2666: The Part about Amalfitano

The possibility of literature is never in question for Bolaño. Literature is, in fact, inevitable, at times even foregone. The writer of literature, like the poor of the gospels, you will always have with you.

What is in question for Bolaño, what is always in question, is the condition of literature. It exists—in fact, one might be forgiven for thinking that, in Bolaño, all books exist, all books are not only possible, but actual, though the condition of their actuality may vary. Some books are so existentially thin or translucent or hidden that their actuality is in doubt, is challenged, but no book is ever wholly imaginary, not even the books Bolaño or his characters dream about.

This is, at least to me, what the internet feels like—even more, what Wikipedia feels like.
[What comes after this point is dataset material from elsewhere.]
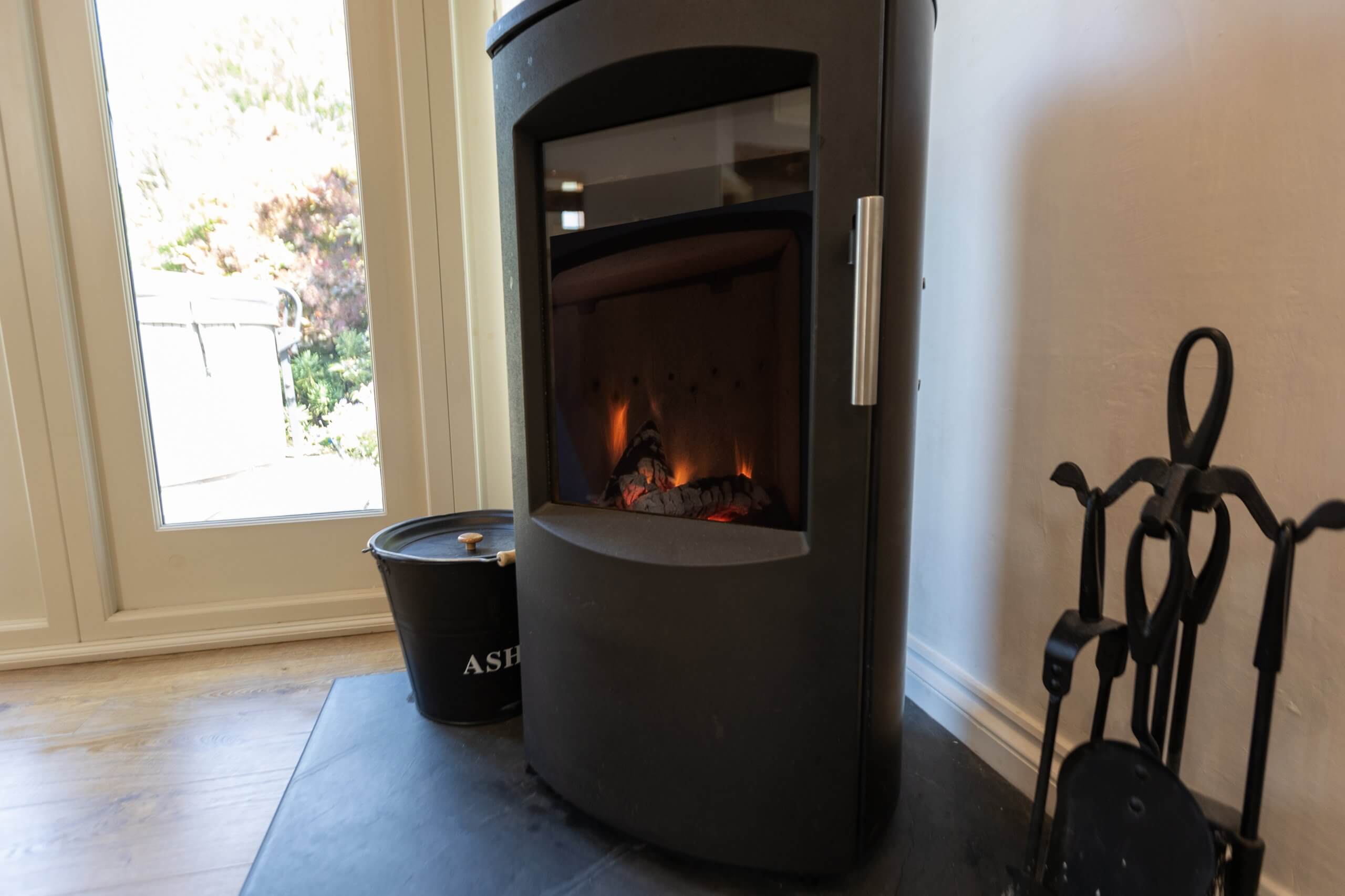 Wood burning stove, underfloor heating, plush seating, adjustable bronze mood lighting, 46” Smart TV, iPod docking station

In Wikipedia, the existence of anything is never impossible, although the condition of that existence—challenged, deleted, uncreated, verified—is not uniform.

In both cases, search is king, as they say in internet marketing. All books, all literature exists in Bolaño because any book, even ones which may or probably do not have a physical existence, can be searched for, and the act of searching creates something which is equivalent to the weight of existence. The ability to search for anything on the internet means that everything is in the internet, even if it only exists in your search string; the page showing no results is still a form of existence of what you were looking for. What you are searching for is created the instant you search for it.

Such considerations become almost inevitable in The Part About Amalfitano, as Bolaño throws at the reader a small army of references, some obscure, some well-known. Bolaño deploys these references in cryptic diagrams (please excuse the awkwardness of the drawings; I'm working with some bs Mac version of Paint):
(click for larger images)

I cannot help but feel Bolaño is trying to force us onto the internet to solve for the meaning of these inscrutable diagrams, or at least to play around with them. Bolaño wants us to create by searching, as his characters do. We will find something, even if it is wrong, but that is a process we have already experienced as readers of the book: reading too is a search that, even in the absence of results, does not threaten the existence of what we are searching for.

***
It is pointed out in the afterword of sorts which the publishers have appended to 2666 that the eponymous date occurs in Amulet, where a street, Avenida Guerrero, is compared not to "a cemetery in 1974 or in 1968, or 1975, but a cemetery in the year 2666, a forgotten cemetery under the eyelid of a corpse or an unborn child…" The cemetery is also a Wikipedia of sorts; or rather, isn't Wikipedia a kind of cemetery where mourners can revise the epitaphs?